*Assignment*. In the material below, find the line with "Квартира выполнена в"; set down that line and every line after it to the end, exactly, without pictures.

*Dataset content*.
----------------------------------------

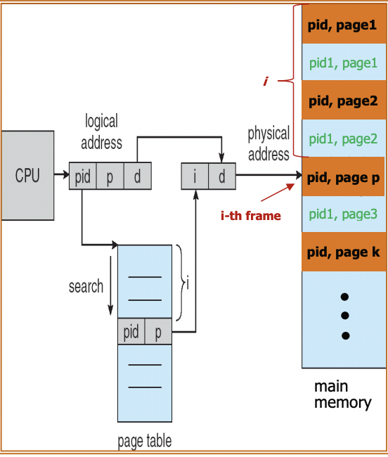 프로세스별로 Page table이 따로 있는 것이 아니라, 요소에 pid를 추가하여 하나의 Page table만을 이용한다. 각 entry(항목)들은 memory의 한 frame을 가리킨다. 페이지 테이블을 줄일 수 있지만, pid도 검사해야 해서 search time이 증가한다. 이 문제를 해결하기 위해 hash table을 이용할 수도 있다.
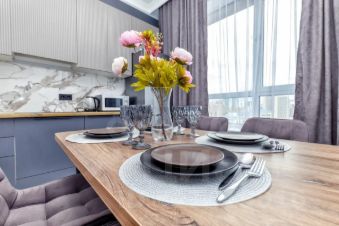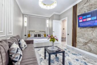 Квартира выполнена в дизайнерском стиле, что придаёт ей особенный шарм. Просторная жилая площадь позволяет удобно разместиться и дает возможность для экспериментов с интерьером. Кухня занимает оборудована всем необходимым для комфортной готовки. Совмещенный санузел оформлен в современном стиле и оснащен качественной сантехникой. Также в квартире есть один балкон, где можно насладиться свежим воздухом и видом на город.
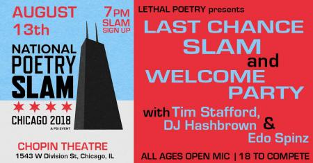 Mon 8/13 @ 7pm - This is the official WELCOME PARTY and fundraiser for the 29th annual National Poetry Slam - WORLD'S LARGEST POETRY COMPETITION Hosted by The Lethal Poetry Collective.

----------------------------------------

*Expected answer*.
 Квартира выполнена в дизайнерском стиле, что придаёт ей особенный шарм. Просторная жилая площадь позволяет удобно разместиться и дает возможность для экспериментов с интерьером. Кухня занимает оборудована всем необходимым для комфортной готовки. Совмещенный санузел оформлен в современном стиле и оснащен качественной сантехникой. Также в квартире есть один балкон, где можно насладиться свежим воздухом и видом на город.
 Mon 8/13 @ 7pm - This is the official WELCOME PARTY and fundraiser for the 29th annual National Poetry Slam - WORLD'S LARGEST POETRY COMPETITION Hosted by The Lethal Poetry Collective.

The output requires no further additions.